# Query re new CGT position for non-UK resident selling property



## CarterUSM (May 1, 2013)

Hi

I am a British citizen currently living and working in Cyprus, but not paying UK income tax. I have accepted an offer (subject to contract) for a property I own in the UK, which I had been letting out from 2001 (when it was my principal private residence) until last November. I had been prompted to sell it by the forthcoming changes to Capital Gains Tax for UK citizens resident overseas who own properties in the UK.

My problem is that the property I am selling is leasehold, and my agent has informed me that as a rule, the process for the sale of a leasehold property is somewhat more protracted than that for a freehold property. Consequently there is unfortunately (for me) a very strong possibility that the transaction will not be concluded before the end of the current tax year, and that I will thus incur a sizeable CGT bill (the property having significantly appreciated in value since I purchased it in 1992).

Is anyone aware of any legitimate means by which I could at this late stage avoid the forthcoming CGT liability?
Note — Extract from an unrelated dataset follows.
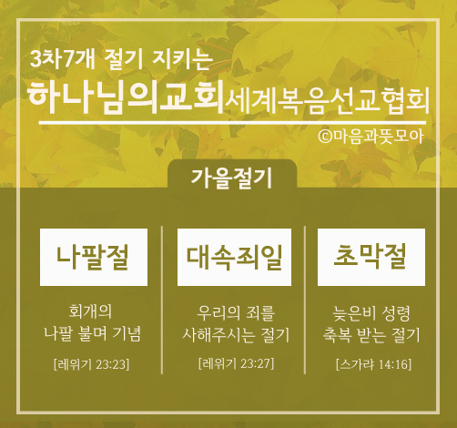 하나님의 절기에는 안식일과 더불어 유월절, 무교절, 초실절, 칠칠절, 나팔절, 대속죄일, 초막절이 있습니다.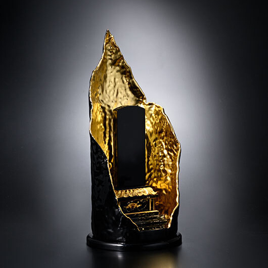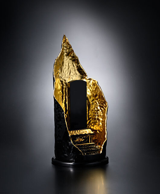 This display stand is originally designed for displaying Buddhist statues, ihai memorial tablets, memorabilia, or whatever you want. Painted with urushi lacquer and covered with gold leaf.

I gather that it would be possible to sell the property to a trust, or transfer it to a ‘Qualifying Non-UK Pension Scheme’ (QNUPS) – but as I mentioned previously, I have already accepted an offer subject to contract, and have no intention whatsoever of reneging on the deal on moral grounds alone, let alone the possibility of being sued for breach of contract.

In addition, I have read somewhere that CGT liability will only be calculated on any capital gains from 6 April 2015 until the date of disposal of the property; could anyone confirm whether or not this is indeed correct?

Any advice or clarification would be most gratefully appreciated.

Many thanks in anticipation.


----------



## nikkisizer (Aug 20, 2011)

CarterUSM said:


> In addition, I have read somewhere that CGT liability will only be calculated on any capital gains from 6 April 2015 until the date of disposal of the property; could anyone confirm whether or not this is indeed correct?


Hi,

The CGT charge for a non-resident disposing of UK residential property will not apply to the amount of gain relating to periods prior to April 2015. The government will allow either rebasing to 5 April 2015 or a time-apportionment of the whole gain.


----------